What did the court look at? What was the analysis here? The Court started with the language of Rule 26 on the initial and pretrial disclosures, as well as Rule 37. And we’ve gone through the language already of Rule 26. Let’s talk about Rule 37 says regarding sanctions for violations of the disclosure requirements. Rule 37(c)(1) states that “If a party fails to provide information or identify a witness as required under Rule 26(a) or (e) the party is not allowed to use that information or witness to supply evidence on a motion, at a hearing or at a trial unless the failure was substantially justified or is harmless.”

Rule 37(c) also provides that a court can impose other sanctions in addition to or instead of this sanction. The Court then cites sections of the Rule saying that Court can order payment of reasonable expenses caused by the failure to inform the jury of the parties failure or impose other appropriate sanctions. Key here is that the District Court has the discretion to decide whether witness preclusion is an appropriate sanction here. That’s exactly what the Court did. They said, let’s look at when when it’s appropriate, and and they said preclusion is ordinarily appropriate for violations of 26(a) and 26(e) but “it is not strictly a mechanical exercise” and that, in its discretion, the Court needs to look at four different factors to determine whether or not witness preclusion is appropriate. Those factors that were determined by the First Circuit, which is of course where the District of Maine falls. Those four factors include 1) the history of litigation, 2) the sanctioned party’s need for the precluded evidence — so what is the value of the evidence to the plaintiff of David Crocker’s testimony here — 3) the sanctioned party’s justification for its late disclosure or lack thereof, and finally, 4) the opponent party’s ability to overcome the disclosures adverse effects — meaning what are the surprise and prejudice that are associated with the late disclosure. Then a fifth one that the Court also notes is the late disclosure and impact on the District Court’s docket.

The plaintiff, relative to these factors, argued that the identification of the Union in its initial disclosure really was sufficient to put the defendant on notice that it could have conducted a Rule 36(b) discovery deposition, and added that if the defendants had taken any action to engage with the Union, that would have led to an earlier identification of the Union’s representative.

The situation here is not an unusual one for litigation, particularly when you have a third party like the Union. You may not know who the best person is to be able to testify unless and until you start getting into conversations with the Union, start talking to counsel, start identifying what the actual needs are. A lot of time those needs aren’t very apparent until actually you’ve gone through the discovery in the rest of the case. It’s always very easy to engage in these discussions of was something done in a timely manner in hindsight, but you have to be contextual about it. That’s what the Court’s trying to do here by looking at these five factors.

The Court said to the defendants we agree with the plaintiff, that based on the information and the initial disclosure that the defendant could have identified and deposed Mr. Crocker before the close of discovery and that the initial disclosure also listed topics that are what form the basis for his anticipated testimony, including the mill’s operations. The court really sided with the plaintiffs on that particular factor.

The court also looked at and said, “hey, let’s assume that the plaintiff bears some responsibility for not supplementing its disclosures in a timely fashion”. Discovery had been closed for two years. This case had been filed for four years. Multiple delays in the case were due to Covid — trial being put off. The Court notes specifically that trial would have already happened if not for Covid. Those are really factors that that the Court builds into its analysis.

The Court looks at each one of those five factors in assessing whether or not sanctions are appropriate here or whether or not witness preclusion in this particular instance is appropriate. As I mentioned, history to litigation, discovery been closed for two years, delays of Covid. The Court also noted that the plaintiff had not had any previous violations of court order. There’s no pattern of misconduct by the plaintiff here that looks toward sanctionable conduct. There’s also no evidence that the plaintiff sought to gain any sort of tactical advantage. The history of litigation factor really weighs in favor of the plaintiff.

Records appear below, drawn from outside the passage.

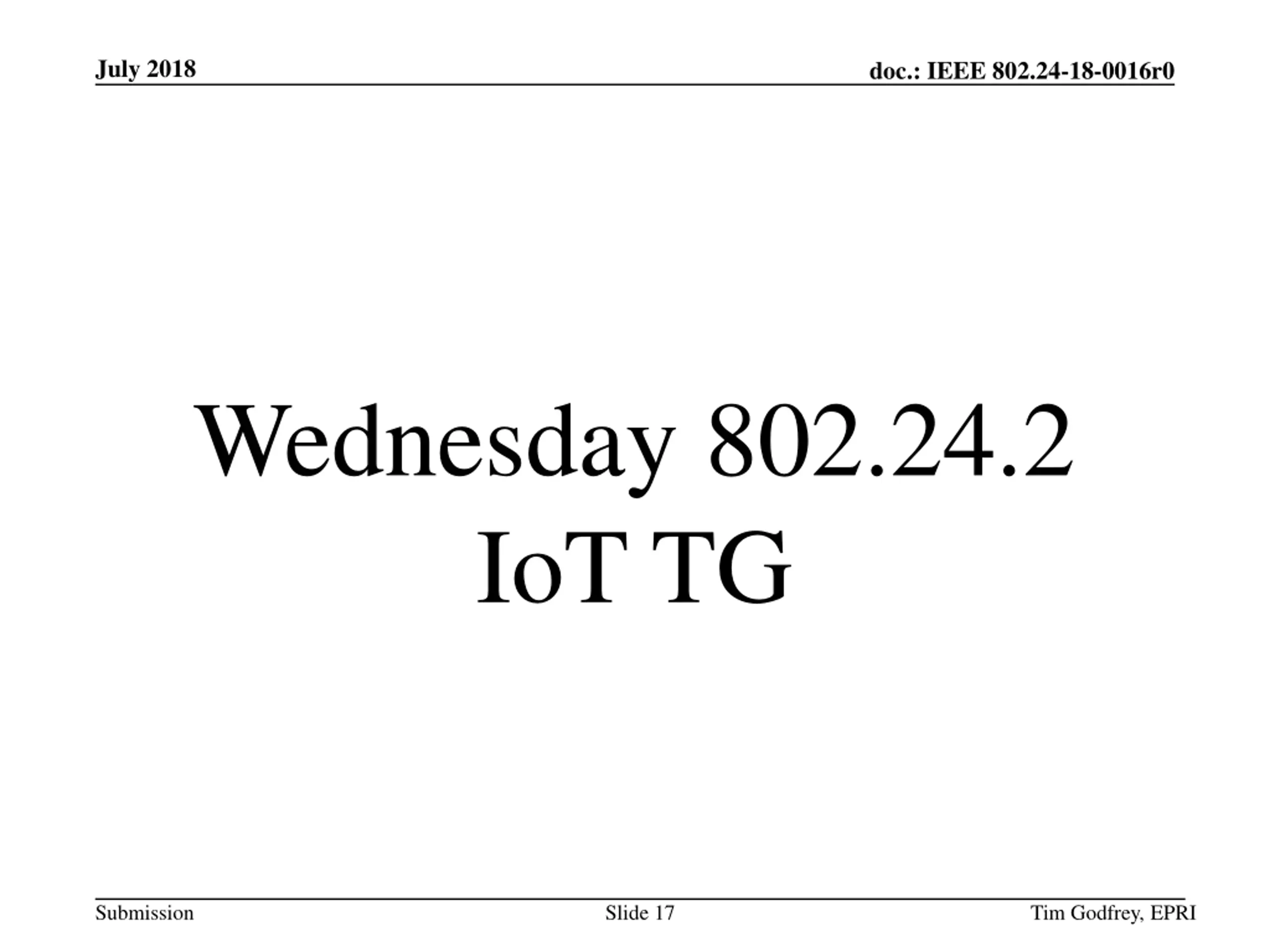 July 2018 doc.: IEEE 802.24-18-0016r0 Wednesday 802.24.2 IoT TG Submission Slide 17 Tim Godfrey, EPRI
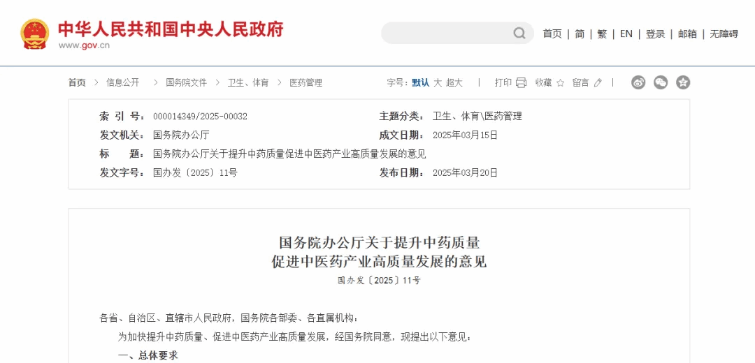 国务院办公厅印发的《关于提升中药质量促进中医药产业高质量发展的意见》明确指出,要推进中药科技创新,聚焦重大慢病等临床需求,研制一批临床疗效突出的中药创新药。
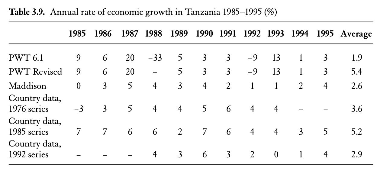 This left the question of how to reconcile the new numbers with the old ones. For somewhat murky reasons, the Penn World Tables chose to stitch the two series together in such a way to create the Late 1980s Tanzanian Growth Collapse. Not only that, but to get the reconciliation to work, the Penn data also shows a miraculous recovery over the late 1980s, with per capita growth rates averaging over 5% a year from 1995 to 1999. (This recovery has erroneously been used to tout the success of Tanzania’s structural adjustment program.)
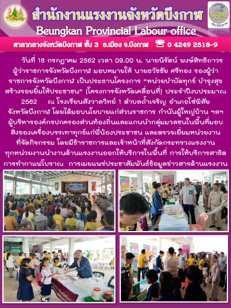 หน่วยงานสังกัดกระทรวงแรงงานจังหวัดบึงกาฬ ร่วมโครงการหน่วยบำบัดทุกข์ บำรุงสุข สร้างรอยยิ้มให้ประชาชน พื้นที่อำเภอโซ่พิสัย
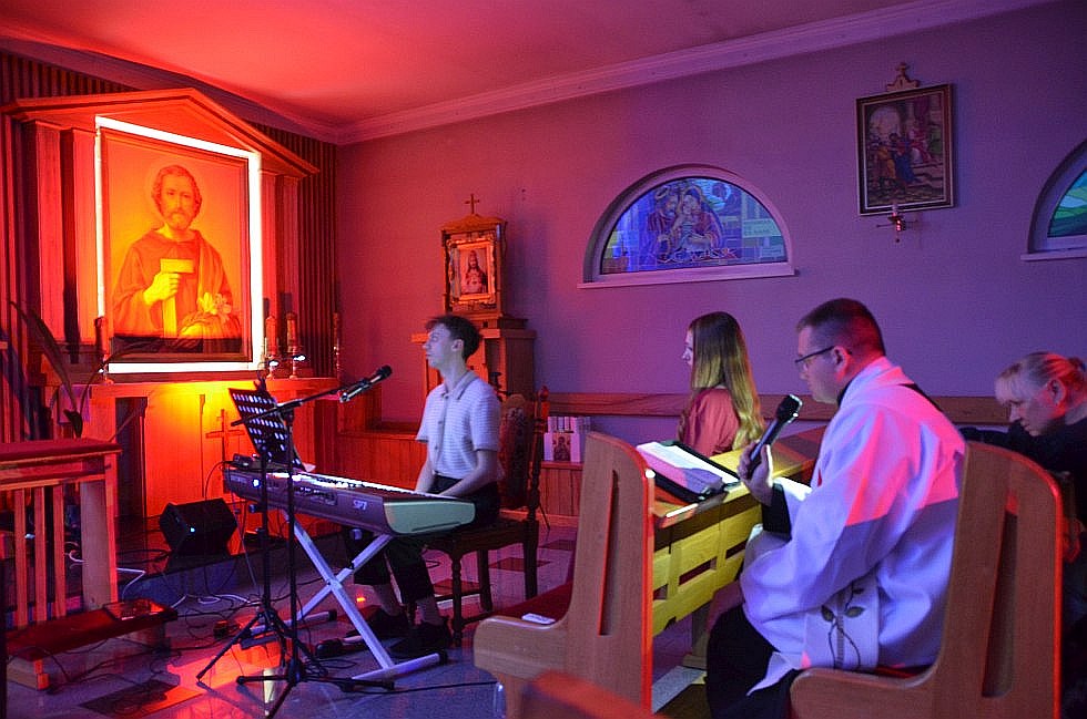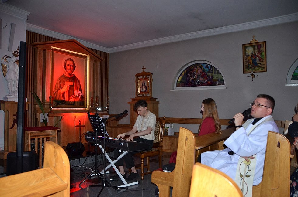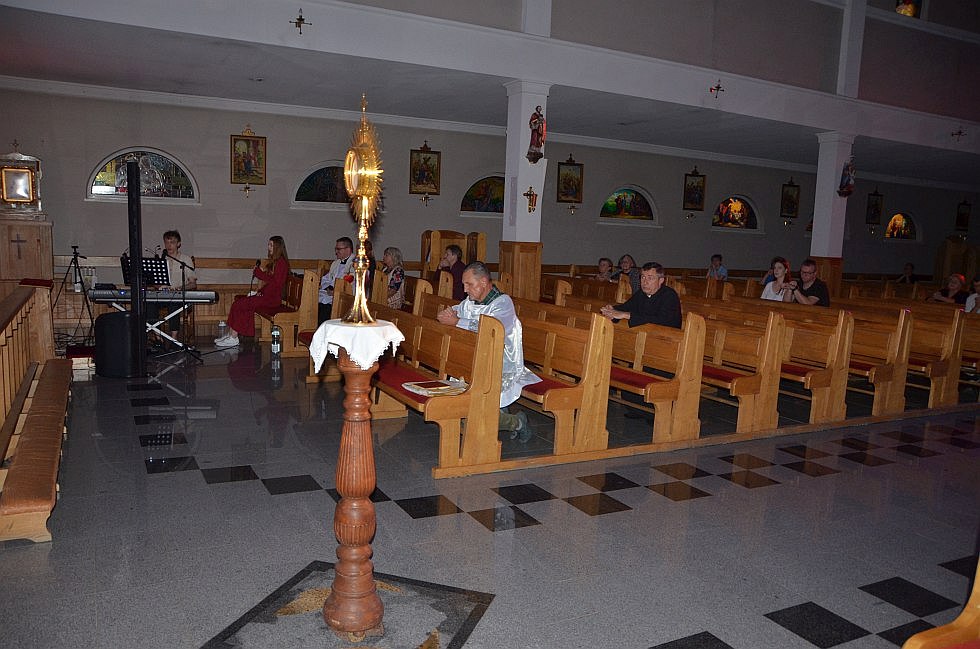 Bezpośrednio po Mszy św. został wystawiony Najświętszy Sakrament i rozpoczął się czas modlitwy, w której muzyka uwielbienia przeplatała się ze Słowem głoszonym przez księdza Krystiana. Damian, który grał na organach i śpiewał oraz Karolina, która również śpiewała stworzyli nastrój modlitewny, pełen zamyślenia, zadumy, rozmodlenia. Podczas wieczoru uwielbienia przez cały czas muzyka i śpiew mieszała się ze Słowem Bożym.

Next factor is the need for the testimony. The Court found that the basis of the testimony about the mill itself and not what actually happened to the office was crucial to the plaintiffs telling a story. That distinction comes in because the defense counsel argued that they had witnesses who would be able to provide the same information that David Crocker would provide. Of course, we all know that if you’re the plaintiff, you don’t want to rely on the defense witnesses to put in the information for your case in chief. That argument was a little suspect, but the Court rejected it.

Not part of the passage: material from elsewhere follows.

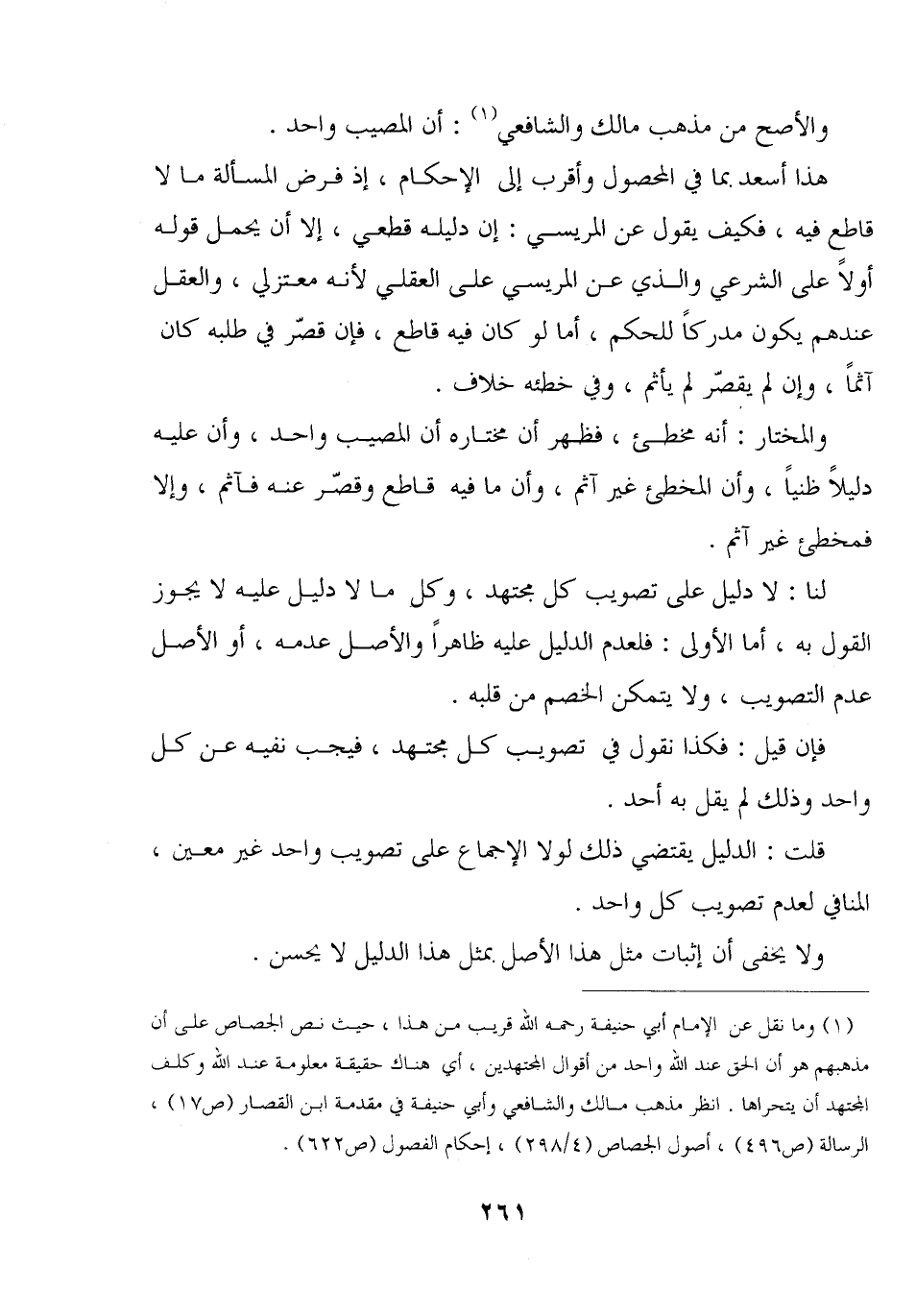 هذا أسعد بما في المحصول وأقرب إلى الإحكام، إذ فرض المسألة ما لا قاطع فيه، فكيف يقول عن المريسي: إن دليله قطعي، إلا أن يحمل قوله أولا على الشرعي والذي عن المريسبي على العقلي لأنه معتزلي، والعقل عندهم يكون مدركا للحكم، أما لو كان فيه قاطع، فإن قصر في طلبه كان آثما، وإن لم يقصر لم يأثم، وفي خطئه خلاف.

Next step. What’s the defense for having late disclosure? The plaintiff essentially says, “we don’t have a defense. We did disclose it. We put it in our initial disclosures that we were going to have someone from the Union the basis for the testimony. We don’t need to have a defense here because we did disclose it.” The Court agrees with them. The Court says, “you did disclose it. Defense counsel should have had an opportunity to follow up and they did not take that opportunity.”

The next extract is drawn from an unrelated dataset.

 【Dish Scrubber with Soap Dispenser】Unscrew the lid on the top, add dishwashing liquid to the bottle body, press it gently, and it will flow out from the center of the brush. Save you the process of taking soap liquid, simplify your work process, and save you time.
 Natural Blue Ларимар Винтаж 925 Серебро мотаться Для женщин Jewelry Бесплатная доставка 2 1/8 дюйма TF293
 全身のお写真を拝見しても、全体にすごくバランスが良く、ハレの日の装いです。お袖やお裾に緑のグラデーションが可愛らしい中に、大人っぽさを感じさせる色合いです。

Next factor, prejudice to the defendants. Defendant says the prejudice exists because they didn’t get to take Crocker’s deposition and that they assert sort of as a broad brush, “where a party is deprived of the opportunity to take a witness’s deposition because of nondisclosure, the party would be prejudiced by the admission of such witness’s testimony.” Plaintiff again says, “look, we told you about David Crocker in February and you haven’t tried to contact him. You haven’t asked us. He didn’t call the union. You’ve had six months basically since we identified him and you still didn’t do anything about it.” The Court really looks at that timeline, the fact that the Union was disclosed and that the defendant took absolutely no steps to contact him or ask him about upcoming testimony, as well as the fact that the basis of the testimony is factual, it’s contextual, and that it’s essentially going to be less than an hour. We’re having this whole argument for testimony that’s going to be less than an hour of trial. Based on all those things the Court found, that there was very minimal prejudice to the defendant and that was not a factor that was going to tip them in favor of sanctions.

The Court also found that the defendant has really no persuasive argument that it was recently surprised by the plaintiff’s confirmation that it intended to call Crocker because of the disclosure on its initial disclosures three years earlier in 2018.

As to the fifth factor, the impact on the Court’s docket, the Court found that if the parties had raised this issue earlier, then it could have been dealt with much more efficiently. I think the Court was a bit frustrated by having this emergency motion in limine for an issue that should have been raised much earlier. I think that really speaks to the nature of litigation. We talk about that a lot on the #CaseoftheWeek.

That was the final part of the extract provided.